Maxwell, Einstein and displacement current

From: jahn (suzysewnshow_at_yahoo.com.au)
Date: 09/14/04 

Date: Tue, 14 Sep 2004 09:35:16 -0400

Exerpt:
The first problematical point arises if we want to distinguish "physical
space" from the space-time diagrams of which classical mechanics makes use.
Admitted that the relations indicated by Einstein represent Faraday's
electromagnetic induction and Maxwell's displacement current in Amp`ere's
equation respectively, the invariance of Maxwell's equation system involves
mechanical transformation properties of the fields at small velocities.
These transformation properties are by no means shared by "physical space".
Again, the uniformity and isotropy prescribed for temperature radiation in
the oven cavity do not coincide with a superposition of stationary waves in
space-time.

The second problem is that, because of the principle of equivalence, the
position-time graphs of motion take on the same explicative value of the
more usual (in thermodynamics) indicator diagrams. In a word, in the new
representation the electromagnetic field energy variables depend on velocity
in accordance with the principle of relativity (Einsteinian relativity)
without it being clear whether the arguments x, y, z and t, of which they
are in turn functions, are to be considered thermodynamic potentials or
whether they are indices of position in bodies not uniformly heated as
Fourier used them to describe the diffusion of the caloric. Like Hertz,
Fourier described in the "physical space" the mechanical aspect of a
phenomenology while in thermodynamics usually the indices are thermodynamic
parameters. This is not the place to discuss which domain it would be
appropriate to assume for x, y, z and t in the Maxwell equations.
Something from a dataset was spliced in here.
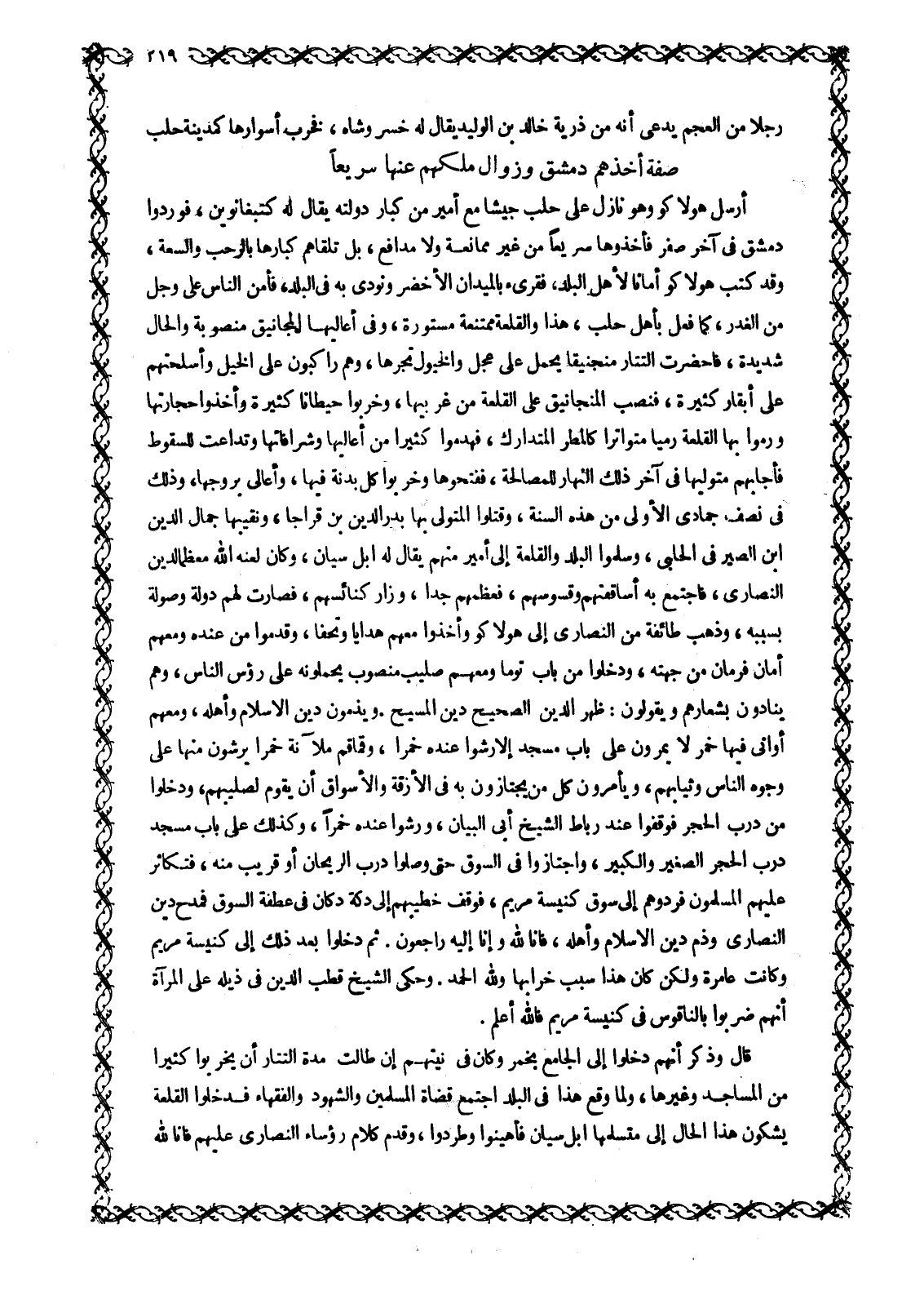 قَالَ وَذَكَرَ أَنَّهُمْ دَخَلُوا إلى الجامع بخمر وكان في نِيَّتِهِمْ إِنْ طَالَتْ مُدَّةُ التَّتَارِ أَنْ يُخَرِّبُوا كثيرا من المساجد وغيرها، وَلَمَّا وَقَعَ هَذَا فِي الْبَلَدِ اجْتَمَعَ قُضَاةُ الْمُسْلِمِينَ وَالشُّهُودُ وَالْفُقَهَاءُ فَدَخَلُوا الْقَلْعَةَ يَشْكُونَ هَذَا الحال إلى متسلمها إبل سيان فَأُهِينُوا وَطُرِدُوا، وَقَدَّمَ كَلَامَ رُؤَسَاءِ النَّصَارَى عَلَيْهِمْ ف إِنَّا لِلَّهِ

The third problematic point of Einstein's interpretation is the following.
Until now we have identified radiative, electric et cetera phenomenology
with the assigned mathematical expressions of the electromagnetic fields.
Therefore, the expressions of the fields in empty space could already be
considered equivalent to thermodynamic potentials. Instead, this is not
quite correct because the equations with partial derivatives of which the
fields are solutions establish only the dependence between variations and do
not allow specifying functional expressions. But the fields in vacuo are
obtained, for the mathematical theorem of existence and uniqueness of the
solutions of differential equation systems, when the initial and boundary
conditions are specified. Then the question is, how to obtain non trivial
solutions. Indeed, assumed the relativity principle, and given the
mathematical expression of an electromagnetic field, it is understandable
that it does not reach thermodynamic equilibrium unless dissipation did not
characterize that solution initially. In a word, for purely mathematical
reasons, no solution of Maxwell's equations satisfying boundary and initial
conditions, and not corresponding to "blackbody radiation" initially will
merge with it at the end of all the transients. In conclusion, the premise
for interpreting electromagnetic fields as local energy perturbations in
space and transport of electrical charges is that the arguments x, y, z and
t take on a single meaning for all the theories involved and possibly that
of coordinates of "physical space".
Authors: S.L.Vesely, A.A.Vesely
http://arxiv.org/abs/physics/0403050
------------------
Sue...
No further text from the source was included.